1. A method for video matching, the method comprising:

comparing the characteristic information of the target key frame with the characteristic information of a pre-generated source video key frame to obtain the matching degree of the target video and the source video;

acquiring the feature information of the key frame comprises the following steps:

acquiring characteristic information of each contour line, and taking the characteristic information of each contour line as the characteristic information of the key frame;

or,

generating 5 skeleton central lines according to the 5 characteristic points;

2. The method of claim 1, wherein said extracting all key frames of the target video specifically comprises:

acquiring feature information of the first key frame;

reading a next frame of video frame;

acquiring the characteristic information of the next frame of video frame;

and if the matching degree is lower than a preset matching threshold, taking the read next frame of video frame as a second key frame, otherwise, continuously reading the next frame of video frame until all video frames in the target video are completely read.

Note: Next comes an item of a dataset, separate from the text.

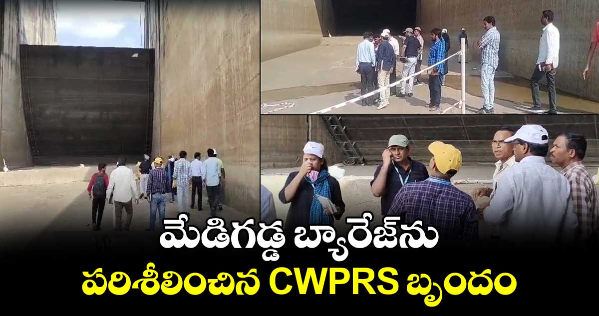 జయశంకర్ భూపాలపల్లి జిల్లా కాళేశ్వరం ప్రాజెక్ట్ లోని మేడిగడ్డ లక్ష్మీ బ్యారేజీని సెంట్రల్ వాటర్ పవర్ రీసెర్చ్ సెంటర్ నిపుణుల బృందం పరిశీలించింది. బ్యారేజ్ ఏడో బ్లాక్ లో దెబ్బతిని, కుంగిన పిల్లర్లను సిడబ్ల్యూపిఆర్ ఎస్ నిపుణులు క్షేత్రస్థాయిలో పరిశీలించారు. ఇంజనీరింగ్ అధికారులను వివరాలను అడిగి తెలుసుకున్నారు ముగ్గురు టెక్నికల్ నిపుణులు. బ్యారేజ్ ఏడో బ్లాక్ లోని కుంగిన 15 నుండి 21 వ పిల్లర్ గేట్ల వద్ద ఇసుక మేటలను పరిశీలించారు.

3. A video matching apparatus, characterized in that the apparatus comprises:

the matching degree obtaining unit is used for comparing the characteristic information of the target key frame with the characteristic information of a pre-generated source video key frame to obtain the matching degree of the target video and the source video;

the characteristic information acquisition module includes:

the contour line information acquisition submodule is used for acquiring the characteristic information of each contour line and taking the characteristic information of each contour line as the characteristic information of the key frame;

or,

the characteristic information acquisition module includes:

4. The apparatus of claim 3, wherein the feature information acquiring unit comprises:

and the matching degree acquisition module is used for comparing the characteristic information in the two frames of video frames to obtain the matching degree, if the matching degree is lower than a preset matching threshold value, the read next frame of video frame is used as a second key frame, otherwise, the next frame of video frame is continuously read until all video frames in the target video are completely read.